LOAD_MODEL = "dqn_pong_best.pth"  # or False
# =========================

device = torch.device("cuda" if torch.cuda.is_available() else "cpu")
print(f"Using device: {device}")

# Create vectorized environment
def make_env():
    env = gym.make("ALE/Pong-v5")
    return env

env_fns = [make_env for _ in range(N_ENVS)]
vec_env = SyncVectorEnv(env_fns)
print(f"Created vectorized environment with {N_ENVS} parallel instances")

Using device: cpu
Created vectorized environment with 8 parallel instances


In [17]:
# preprocessing image


# preprocess image demonstration
"""
def preprocess_and_show_steps(obs):  # input: 210x160x3 RGB
    fig, axs = plt.subplots(1, 4, figsize=(18, 5))

    # Step 1: Show original RGB image
    axs[0].imshow(obs)
    axs[0].set_title("Original RGB (210x160)")
    axs[0].axis('off')

    # Step 2: Convert to grayscale
    greyscaled = np.dot(obs[..., :3], [0.299, 0.587, 0.114]).astype(np.uint8)
    axs[1].imshow(greyscaled, cmap='gray')
    axs[1].set_title("Grayscale")
    axs[1].axis('off')

    # Step 3: Crop image vertically (rows 95 to 195)
    cropped = greyscaled[95:195, :]
    axs[2].imshow(cropped, cmap='gray')
    axs[2].set_title("Cropped (95:195)")
    axs[2].axis('off')

    # Step 4: Resize to 100x50 using nearest neighbor
    resized = cv2.resize(cropped, dsize=(50, 25), interpolation=cv2.INTER_NEAREST)
    axs[3].imshow(resized, cmap='gray')
    axs[3].set_title("Resized to 100x50")
    axs[3].axis('off')

    plt.tight_layout()
    plt.show()

    return resized

# Run and visualize preprocessing steps
obs, info = env.reset()
processed = preprocess_and_show_steps(obs)
"""

def preprocess(obs,
               crop_top=CROP_TOP,
               crop_bottom=CROP_BOTTOM,
               crop_left=CROP_LEFT,
               crop_right=CROP_RIGHT,
               resize_width=RESIZE_WIDTH,
               resize_height=RESIZE_HEIGHT):
    # Convert to grayscale
    if len(obs.shape) == 3 and obs.shape[2] == 3:
        greyscaled = np.dot(obs[..., :3], [0.299, 0.587, 0.114])
    else:
        greyscaled = obs

    # Get image dimensions
    height, width = greyscaled.shape

    # Calculate crop boundaries
    top_bound = crop_top
    bottom_bound = height - crop_bottom
    left_bound = crop_left
    right_bound = width - crop_right

    # Perform cropping
    cropped = greyscaled[top_bound:bottom_bound, left_bound:right_bound]

    # Resize
    resized = cv2.resize(cropped, (resize_width, resize_height),
                         interpolation=cv2.INTER_NEAREST)

    return resized

In [18]:
# defining neural network
# based on this architecture: https://arxiv.org/pdf/1312.5602
# code written by Claude Sonnet 4

class DQN(nn.Module):
    def __init__(self, num_actions, in_channels=4):
        super(DQN, self).__init__()

        # Convolutional layers (standard DQN architecture)
        self.conv1 = nn.Conv2d(in_channels, 32, kernel_size=8, stride=4)
        self.conv2 = nn.Conv2d(32, 64, kernel_size=4, stride=2)
        self.conv3 = nn.Conv2d(64, 64, kernel_size=3, stride=1)
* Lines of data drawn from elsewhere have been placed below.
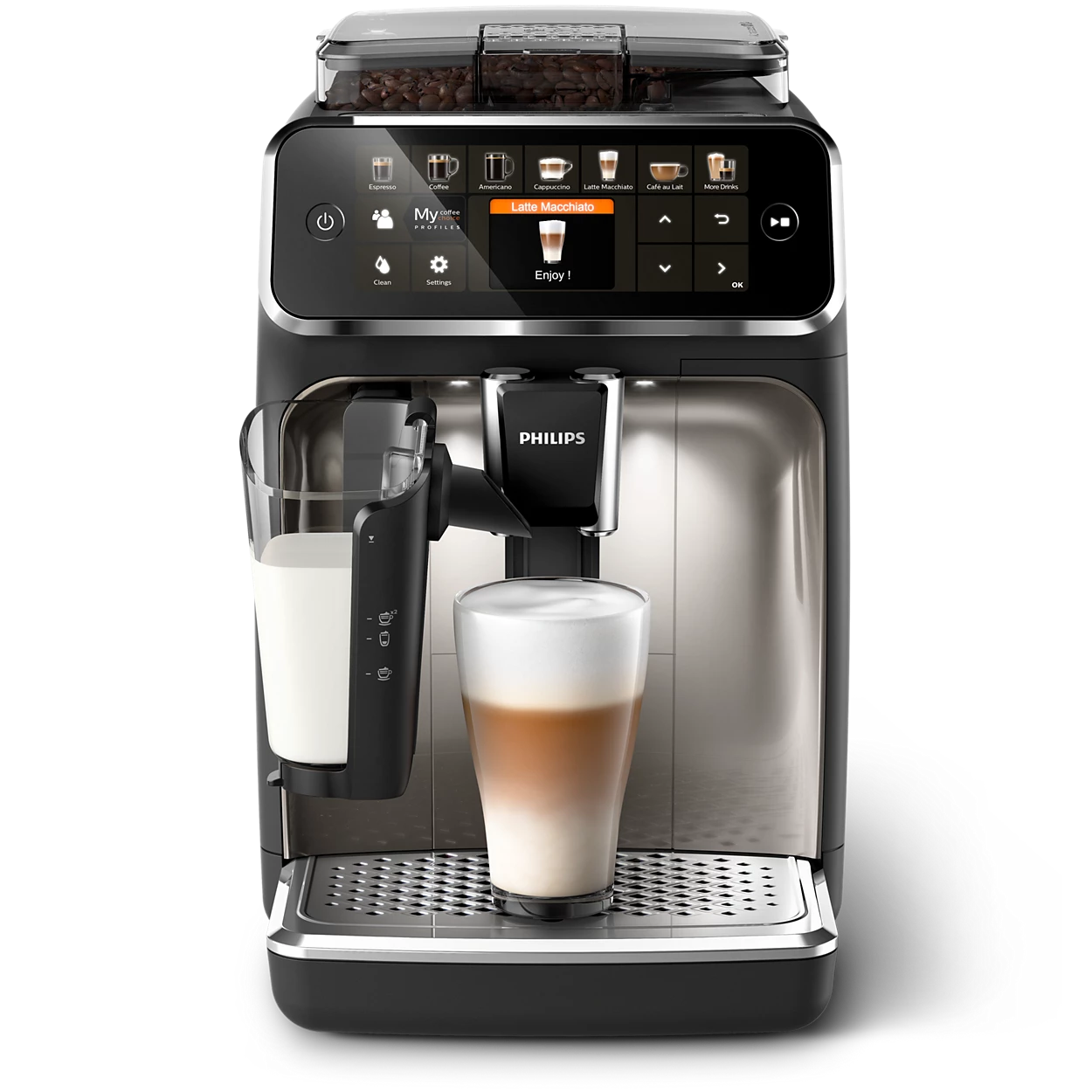 Brew premium coffee at home with the Philips espresso machine 5400 EP5447/90. With 12 fresh bean beverages and the fastest-to-clean LatteGo milk system, it brings a new level of convenience and luxury into your kitchen.
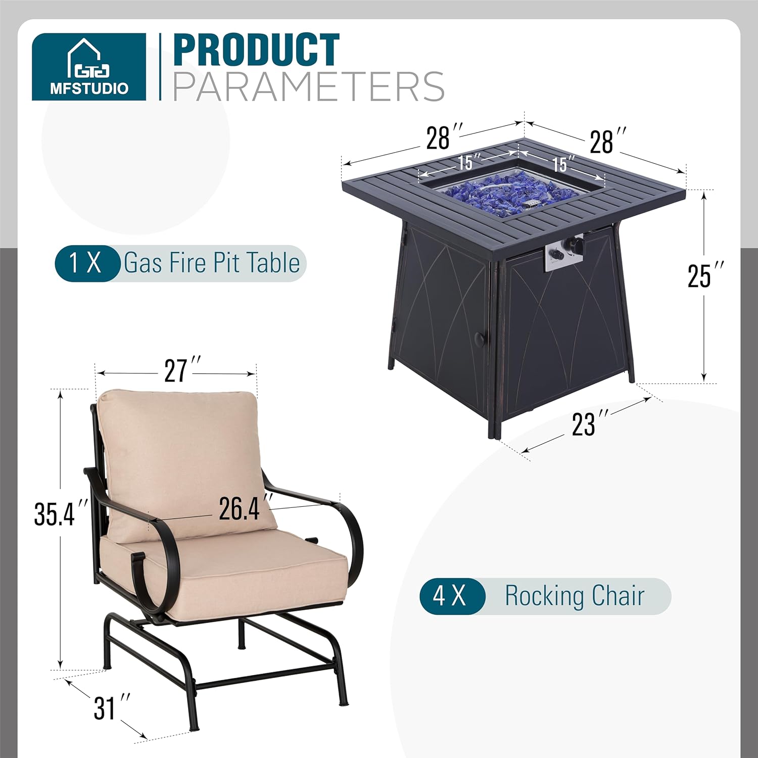- Tips: Package include 4*rocking chairs, 1 fire pit table, cushions and instruction. Notice: propane tank, blanket and other decorations are not included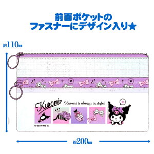 ・クロミのクリアダブルファスナーポーチが新登場! ・使い分けて収納できてとっても便利♪ ・メッシュ繊維入りPVC★ ・前面ポケットのファスナーにデザイン入り! ・文具や小物を入れて使ってね♪ ・他のキャラクターもございます。 【
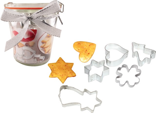 Elegant und absolut praktisch: das Weckglas zum Verschließen mit 5 verschiedenen Ausstechformen (Baum, Herz, Stern, Komet, Kleeblatt) für die Weihnachtsbäckerei. So können die Ausstechformen geschützt aufbewahrt werden. Platz für den Werbedruck ist auf dem Standardmotiv des Einlegers oder eine eigene estaltung, jeweils ab 100 Stück. Inhalt: Weckglas (290 ml), 5 Ausstechformen, je ca. 5 cm (Tannenbaum, Herz, Stern, Komet, Kleeblatt), Rezept auf Einleger (ohne Gebäck)

        # Dynamically calculate linear layer size
        with torch.no_grad():
            dummy = torch.zeros(1, in_channels, RESIZE_HEIGHT, RESIZE_WIDTH)
            dummy = F.relu(self.conv1(dummy))
            dummy = F.relu(self.conv2(dummy))
            dummy = F.relu(self.conv3(dummy))
            self.linear_size = dummy.view(1, -1).size(1)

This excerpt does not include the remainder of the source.